It is a truth universally acknowledged that there is something magical about chocolate.
So, even as our move back to Canada loomed, I knew I had to get to Dandelion to check out their chocolate tour. On an ordinary day, this cafe and production facility on one of Valencia’s busiest blocks is compelling, from the sumptuous scent of chocolate in the air to the crumbles of single-origin bars for sampling to the goldfish bowl piled high with marshmallows destined for mugs of hot chocolate. It’s well-loved by visitors and locals alike, I learned, as I met the eight other tour participants, and we kicked off the tour by tasting cocoa nibs and three varieties of chocolate. Much like at a wine tour, our guide pointed out differences in the flavours of each bar; all were tasty, but the strikingly fruity notes (raspberry!) in the Madagascar bar caught at my taste buds. Hooked, I followed our tour guide past what he jokingly referred to as the “bomb doors” into the bean room.

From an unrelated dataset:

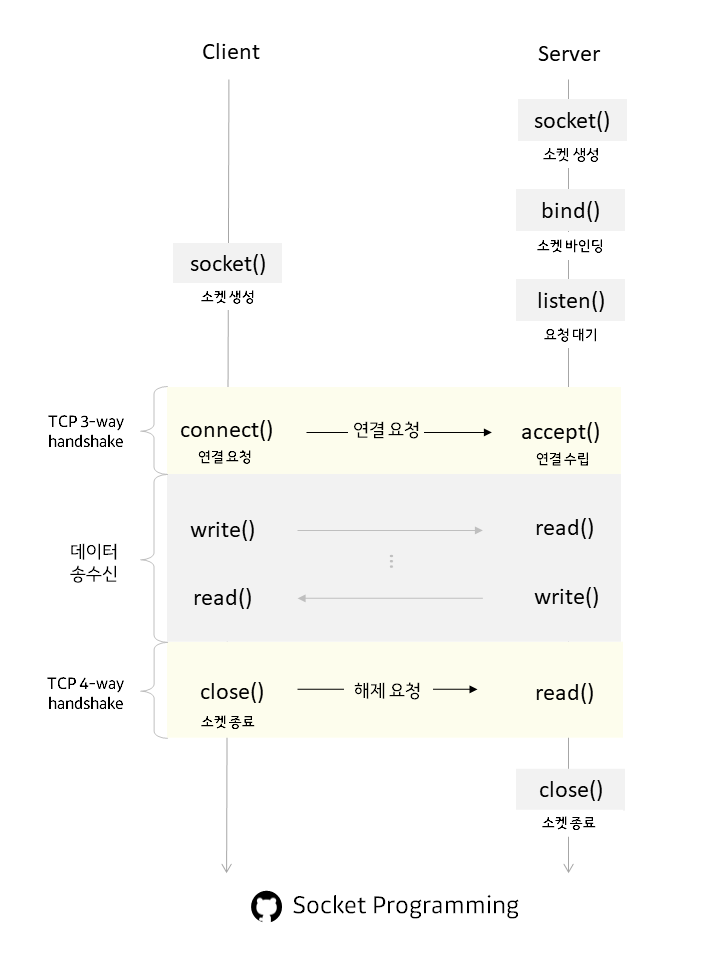 네트워크로 연결된 두 컴퓨터 사이에서 데이터를 주고 받는 방식을 의미한다. 클라이언트와 서버간의 1:1 양방향 통신을 한다.소켓 프로그래밍을 구현하는 데에는 TCP와 UDP 두가지 프로토콜이 있지만, 여기서는 주로 사용하는 TCP만 살펴보았다. UDP와의 가장 큰 차이는 연결 지향 프로토콜이라는 점이다. (TCP의 연결/해제 방식은 이전 장에서 살펴보았다) 클라이언트와 서버가 소켓 프로그래밍으로 연결되어 데이터를 송수신하는 과정은 다음과 같다. (여기서 클라이언트/서버는 고정된 게 아니라, 데이터를 주고/받는 쪽을 의미한다)

This section of the facility is separated so stringently because it falls under agricultural production, not food preparation, and is an isolated location for the Dandelion staff to sort through the cacao beans and discard the ones that are too old, damaged, or infected to turn into chocolate. It was surprising to see what else had fallen into the massive hemp sacks; with a wry grin, our tour guide went through a shadow box filled with marbles, twigs, rocks, and a disturbingly sharp-looking razor blade (all beans are sorted by hand!) On a less disconcerting note, we learned a lot about cacao’s life cycle before it is harvested; I learned that the actual fruit of a cacao nut is fibrous, like the inside of a pumpkin, and tastes something like a lychee, but didn’t get the chance to try the smoothie on the cafe menu that featured it. (If you have, thoughts?)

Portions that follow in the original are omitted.